If you look at the last line of the preceding user_data shell script. you can see we are calling a specific script named /etc/eks/bootstrap.sh

This script /etc/eks/bootstrap.sh would be available only if you choose the right AMI which can power your EKS cluster.

You can find more about the EKS optimized AMIs here

This script is to get the EC2 instance ready to be attached to the Kubernetes eco-system. this installs various tools like

  • Docker/ContinerD ( Container Runtime Engine)
  • Kubelet
  • Networking Plugins in CNI
  • KubeProxy and more.

 

If you look at the way we are invoking this script you can see we are passing three additional arguments such as

  • b64-cluster-ca Base 64 Cluster CA Certificate
  • apiserver-endpoint HTTPS URL of the API Server
  • dns-cluster-ip DNS IP of the Kubernetes ( hope you remember that K8s has its internal IP and DNS)
/etc/eks/bootstrap.sh gritfy-01 – b64-cluster-ca $B64_CLUSTER_CA – apiserver-endpoint $API_SERVER_URL – dns-cluster-ip $K8S_CLUSTER_DNS_IP

Now, where do we get this information?  we can get this information using aws eks CLI command

For this command to work you must have set up the aws CLI.

If you are new to it, refer to our exclusive article on aws cli here

Here are the commands you might have to use to get different key items

b64-cluster-ca

⇒ aws eks describe-cluster – name ${CLUSTER_NAME} – query "cluster.certificateAuthority.data" – output text

api-server-endpoint

⇒ aws eks describe-cluster – name ${CLUSTER_NAME} – query "cluster.endpoint" – output text

dns-cluster-ip

⇒ aws eks describe-cluster – name ${CLUSTER_NAME} – query "cluster.kubernetesNetworkConfig.serviceIpv4Cidr" – output text

Once you have got the key items needed you can make a note of them and use them during the Launch template creation in the next step

There is one more item you need to collect which is a security group associated with the existing nodes

 

How to find the Security groups associated with my EKS cluster

You can find the master security group associated with your EKS cluster from the AWS Admin console itself

Go to EKS > Clusters > Choose the cluster

In the Networking tab, you can find the primary security group and secondary security group.
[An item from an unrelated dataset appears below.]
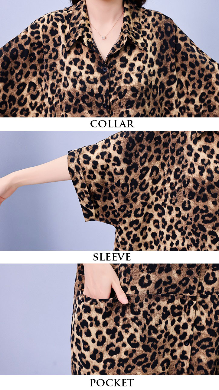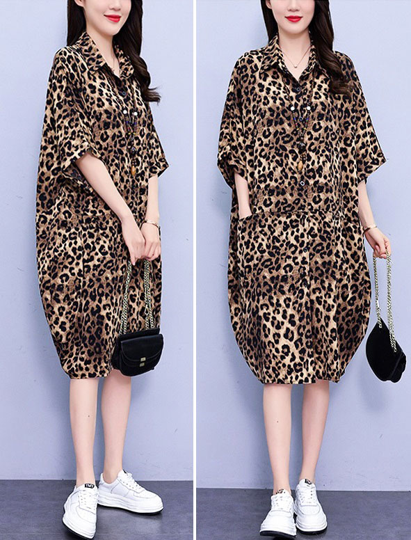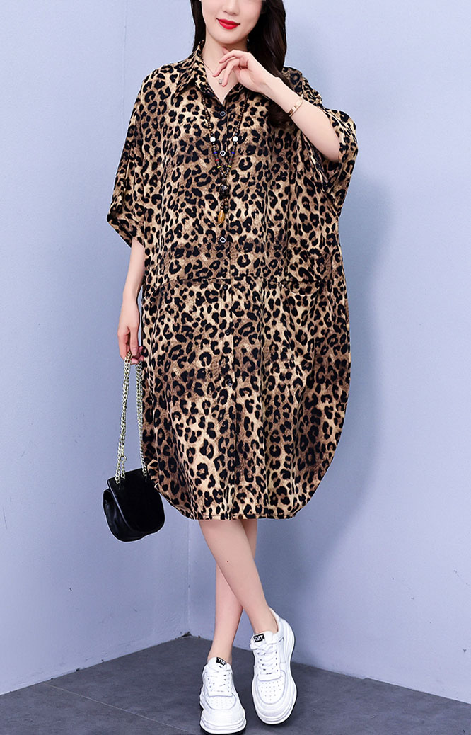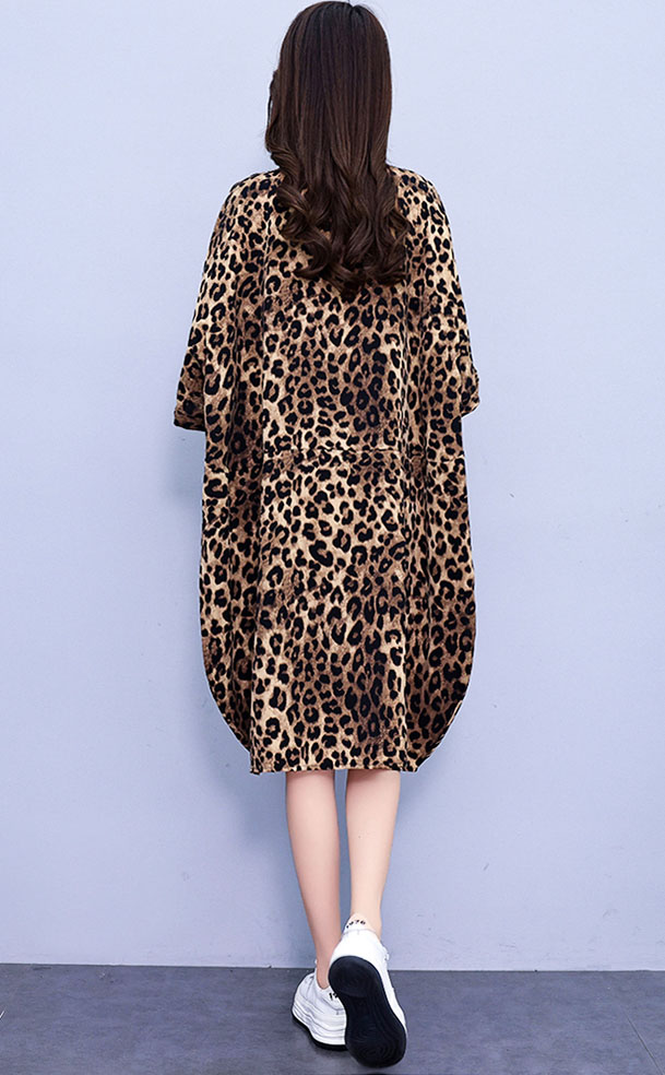 Feature | RoundNeckline Dating EPlus Casual OfficeC A-Line Pockets Irregular Collar Leopard Brown |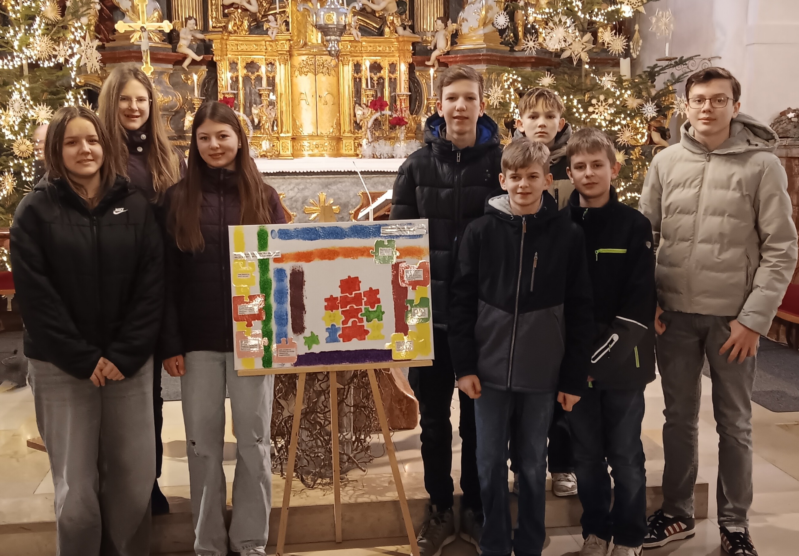 Am 26. Jänner gestalteten die drei Firmkandidatinnen und fünf Firmkandidaten des heurigen Jahres den Gottesdienst und wählten das Thema „Jeder ist wichtig – jeder gehört dazu“. Zur Vorbereitung der Messe trafen sie sich eine Woche vorher und beschäftigten sich in Gruppen- und Einzelarbeiten intensiv mit dem 12. Kapitel des 1. Korintherbriefes. Daraus entstanden die Texte für den Bußakt sowie ein Bild, das einerseits die für sie wichtigen Grundaussagen aus dem Bibeltext enthält und andererseits ihre Gedanken, wie sie sich mit ihren Fähigkeiten aktiv in die Pfarrgemeinschaft einbringen wollen. Im Rahmen der Messe stellten sie ihre Ergebnisse kurz vor.

This Security group is not sufficient at times for the EC2 worker nodes.

Since this is your existing EKS cluster there must be some additional configuration changes done to the node group and the Launch template underneath

so the right way to check the security groups is to refer to the existing worker nodes

you can do this by going here

Go to EKS > Clusters > Choose your cluster Compute > Click on the existing worker node 

Once the particular node is open click the instance_id  it would take you to the EC2 service screen where you can find the security groups associated with your existing worker node

Once you have noted down the security groups. we can move on to creating the Launch template

 

Create a Launch template with Terraform

We have collected all the data needed now let us create the launch template.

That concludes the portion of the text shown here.